I know this has been asked in various forms before, but so far I have failed to understand those answers properly. I've also read several papers discussing this, but I don't really get it.

I have an assignment in my algebraic structures class to find all groups of order 12. I know that there are 5; $Z_{12}, Z_2\times Z_2\times Z_3, A_4, D_6, Dic_{12}$. I have found the first three and shown that they are not isomorphic. So that leaves me $D_6\cong Z_2\times S_3$ (or $D_{12}$), the symmetries of a regular hexagon, and $Dic_{12}$, which I'm not familiar with.

Using Sylow's theorem I have that these two have 1 3-sylow subgroup and 3 2-sylow subgroups. The 3-sylow subgroup $P_3\cong Z_3$. The 2-sylow subgroups are either isomorphic to $Z_4$ or $Z_2\times Z_2$.

Case 1:
$P_3\cong Z_3$ and 2-sylow subgroups $\cong Z_4$ should give me $Dic_{12}=\{a,x|a^6=e, x^2=a^3, xax^{-1}=a^{-1}\}$ but I don't know how to show this.

Case 2:
$P_3\cong Z_3$ and 2-sylow subgroups $\cong Z_2\times Z_2$ should give me $D_6=\{a,x|a^6=x^2=e, xax=a^{-1}\}$ but I don't know how to show this either.

Best Answer

For Case 1, you have $P_3=\langle y \rangle$ with $|y|=3$ and $P_2 = \langle x \rangle$ with $|x|=4$.

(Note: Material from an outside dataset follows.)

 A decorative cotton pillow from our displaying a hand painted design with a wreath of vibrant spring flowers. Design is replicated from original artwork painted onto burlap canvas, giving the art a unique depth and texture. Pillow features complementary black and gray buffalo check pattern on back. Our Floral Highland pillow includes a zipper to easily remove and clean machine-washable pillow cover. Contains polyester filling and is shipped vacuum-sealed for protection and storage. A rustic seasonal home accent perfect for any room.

Since $P_3 \lhd G$, we have $xyx^{-1} \in P$, so it must equal $y$ or $y^{-1}$. But we are assuming that $G$ is nonabelian, so $xyx^{-1}=y^{-1}$.

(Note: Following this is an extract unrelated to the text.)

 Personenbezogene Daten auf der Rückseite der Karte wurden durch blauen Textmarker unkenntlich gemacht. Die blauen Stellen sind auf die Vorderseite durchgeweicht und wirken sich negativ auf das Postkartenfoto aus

Hence $x^2yx^{-2}=xy^{-1}x^{-1} = y$, so $x^2$ (which has order $2$) commutes with $y$, and hence $a:=x^2y$ has order $6$.

Now $a^3=x^6y^3=x^2$ and $xax^{-1}=x(x^2y)x^{-1}=x^2y^{-1}=a^{-1}$. So $G$ is isomorphic to the group $\langle a,x \mid a^6=1,x^2=a^3,xax^{-1}=a^{-1}\rangle$, which is your definition of ${\rm Dic}_{12}$.

Maybe you could have another go at Case 2 yourself.